Work to complete >> Using the listing below, please print exactly the lines from the one with "在一个案件中,获取了犯罪嫌疑" through the one with "याबाबत अधिक माहिती". Leave out every picture.
*** Supplied information ***
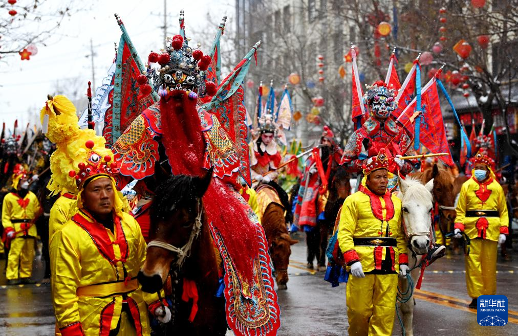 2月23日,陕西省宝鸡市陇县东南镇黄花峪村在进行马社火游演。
*** End of Supplied information ***
*** Supplied information ***
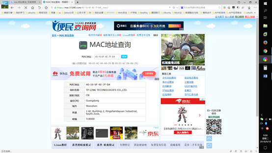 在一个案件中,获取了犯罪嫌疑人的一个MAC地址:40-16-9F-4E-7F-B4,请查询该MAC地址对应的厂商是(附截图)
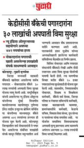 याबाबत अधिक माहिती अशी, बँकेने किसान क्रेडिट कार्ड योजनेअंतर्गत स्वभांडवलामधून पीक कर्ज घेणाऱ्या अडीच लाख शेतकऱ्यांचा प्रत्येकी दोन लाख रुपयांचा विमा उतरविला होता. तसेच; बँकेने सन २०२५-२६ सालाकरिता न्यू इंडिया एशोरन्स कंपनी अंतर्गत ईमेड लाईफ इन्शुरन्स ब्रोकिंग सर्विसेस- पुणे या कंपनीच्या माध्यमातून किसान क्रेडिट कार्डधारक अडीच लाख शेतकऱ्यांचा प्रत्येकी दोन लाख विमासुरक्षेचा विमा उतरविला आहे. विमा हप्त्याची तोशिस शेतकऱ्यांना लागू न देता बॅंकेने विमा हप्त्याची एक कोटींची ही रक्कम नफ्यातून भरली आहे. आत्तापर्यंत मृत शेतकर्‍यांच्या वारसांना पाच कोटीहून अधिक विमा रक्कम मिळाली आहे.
*** End of Supplied information ***
Solution to this task >>
 在一个案件中,获取了犯罪嫌疑人的一个MAC地址:40-16-9F-4E-7F-B4,请查询该MAC地址对应的厂商是(附截图)
 याबाबत अधिक माहिती अशी, बँकेने किसान क्रेडिट कार्ड योजनेअंतर्गत स्वभांडवलामधून पीक कर्ज घेणाऱ्या अडीच लाख शेतकऱ्यांचा प्रत्येकी दोन लाख रुपयांचा विमा उतरविला होता. तसेच; बँकेने सन २०२५-२६ सालाकरिता न्यू इंडिया एशोरन्स कंपनी अंतर्गत ईमेड लाईफ इन्शुरन्स ब्रोकिंग सर्विसेस- पुणे या कंपनीच्या माध्यमातून किसान क्रेडिट कार्डधारक अडीच लाख शेतकऱ्यांचा प्रत्येकी दोन लाख विमासुरक्षेचा विमा उतरविला आहे. विमा हप्त्याची तोशिस शेतकऱ्यांना लागू न देता बॅंकेने विमा हप्त्याची एक कोटींची ही रक्कम नफ्यातून भरली आहे. आत्तापर्यंत मृत शेतकर्‍यांच्या वारसांना पाच कोटीहून अधिक विमा रक्कम मिळाली आहे.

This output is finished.